═══ Records for the exercise ═══

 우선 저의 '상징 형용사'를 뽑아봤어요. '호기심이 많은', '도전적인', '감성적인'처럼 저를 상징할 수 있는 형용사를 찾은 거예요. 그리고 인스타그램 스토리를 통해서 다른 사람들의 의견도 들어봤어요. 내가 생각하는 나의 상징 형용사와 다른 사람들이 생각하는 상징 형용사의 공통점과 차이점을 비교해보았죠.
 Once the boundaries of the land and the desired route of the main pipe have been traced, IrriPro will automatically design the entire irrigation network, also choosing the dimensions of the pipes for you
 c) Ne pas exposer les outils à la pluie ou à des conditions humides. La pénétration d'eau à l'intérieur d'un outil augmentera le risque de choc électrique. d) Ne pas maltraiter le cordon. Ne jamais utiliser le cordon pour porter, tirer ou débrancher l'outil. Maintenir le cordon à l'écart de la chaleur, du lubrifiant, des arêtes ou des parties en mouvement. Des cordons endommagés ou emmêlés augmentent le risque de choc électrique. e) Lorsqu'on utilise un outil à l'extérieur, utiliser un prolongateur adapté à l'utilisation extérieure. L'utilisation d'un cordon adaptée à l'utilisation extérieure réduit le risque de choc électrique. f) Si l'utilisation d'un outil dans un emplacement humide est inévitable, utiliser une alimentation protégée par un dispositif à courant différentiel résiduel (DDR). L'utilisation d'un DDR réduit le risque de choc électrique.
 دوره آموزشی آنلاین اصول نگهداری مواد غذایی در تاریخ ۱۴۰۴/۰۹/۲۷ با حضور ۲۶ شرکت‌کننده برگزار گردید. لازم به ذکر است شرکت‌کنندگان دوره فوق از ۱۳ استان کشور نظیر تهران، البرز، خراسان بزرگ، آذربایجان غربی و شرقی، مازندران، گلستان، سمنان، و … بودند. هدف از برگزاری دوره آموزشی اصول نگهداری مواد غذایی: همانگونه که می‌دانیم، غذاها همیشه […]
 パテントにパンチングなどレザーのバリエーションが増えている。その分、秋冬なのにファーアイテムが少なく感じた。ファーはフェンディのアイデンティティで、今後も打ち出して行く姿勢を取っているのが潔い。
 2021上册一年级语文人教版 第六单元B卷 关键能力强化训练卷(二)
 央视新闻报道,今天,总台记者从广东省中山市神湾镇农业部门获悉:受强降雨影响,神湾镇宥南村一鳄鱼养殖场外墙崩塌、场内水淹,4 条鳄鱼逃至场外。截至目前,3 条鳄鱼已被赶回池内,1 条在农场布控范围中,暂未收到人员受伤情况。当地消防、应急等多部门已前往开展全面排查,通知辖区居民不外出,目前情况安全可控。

═══

> Task description
Only the lines from the opening of the material through the line with "Once the boundaries" should be echoed, exactly as written.

> Exercise output
 우선 저의 '상징 형용사'를 뽑아봤어요. '호기심이 많은', '도전적인', '감성적인'처럼 저를 상징할 수 있는 형용사를 찾은 거예요. 그리고 인스타그램 스토리를 통해서 다른 사람들의 의견도 들어봤어요. 내가 생각하는 나의 상징 형용사와 다른 사람들이 생각하는 상징 형용사의 공통점과 차이점을 비교해보았죠.
 Once the boundaries of the land and the desired route of the main pipe have been traced, IrriPro will automatically design the entire irrigation network, also choosing the dimensions of the pipes for you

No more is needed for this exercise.